张雨莲用银针逐一试探,前三十六盒皆无异样。当刺入最后一盒——编号“丁字柒”的样品时,针尖泛起了熟悉的暗红色。

“只有这一盒。”她抬头,眼神困惑,“同批原料、同一口锅熬制、同批匠人分装,为何独独这盒有毒?”

陈明远接过那巴掌大的青瓷盒,釉面光洁,底款端正,与正品无异。他旋开盒盖,膏体质地细腻,珍珠粉的珠光均匀分布,几乎能以假乱真。

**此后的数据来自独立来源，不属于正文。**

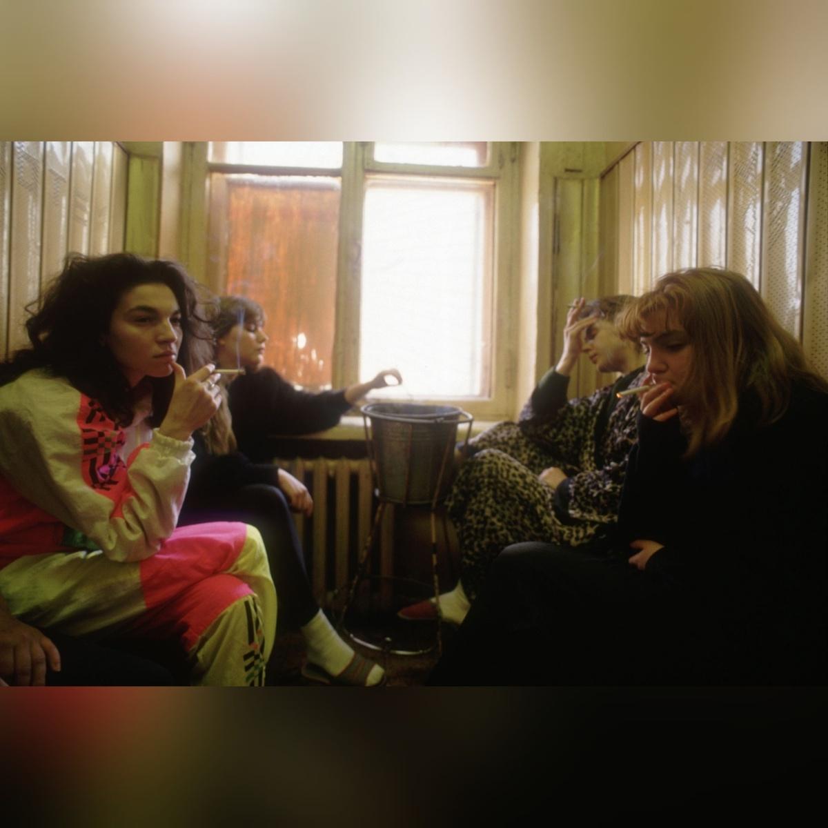 Девушки на перекуре в реабилитационном центре — на фотографии, сделанной в 1993 году, запечатлены молодые женщины, которые, возможно, проходили лечение от зависимости. Этот момент отражает сложные социальные проблемы того времени.

“几乎。”他轻声重复,忽然将膏体整块挖出,用力摔在青石板上。

瓷盒底部暴露在阳光下——内侧胎体上,赫然有一道极细微的接缝。

“这不是我们的盒子。”陈明远捡起碎片,眼神锐利如鹰,“有人仿制了我们的瓷盒,装上掺了砒霜的劣质膏体,调换了正品。而能接触到这批编号‘丁字柒’货物的人……”

上官婉儿已捧着账册返回,呼吸微促:“查到了。这批货是专供巡抚夫人寿礼的定制套装,共四十盒,三日前出库。经手人只有四个:库房老周、账房刘先生、打包丫鬟春杏,以及——”

她顿了顿,声音低下去:“以及林姑娘。那日她亲自来核验过礼盒包装。”

院中空气骤然凝固。

林翠翠刚从“丽人行”赶回,正迈进院门,闻言脸色刷地惨白:“你、你怀疑我?!”

“我不是怀疑你。”陈明远看着她,眼神复杂,“我是怀疑有人利用了你。”

他走到林翠翠面前,放缓声音:“那日验货时,可有什么异常?有没有离开过?有没有人接近过这批货?”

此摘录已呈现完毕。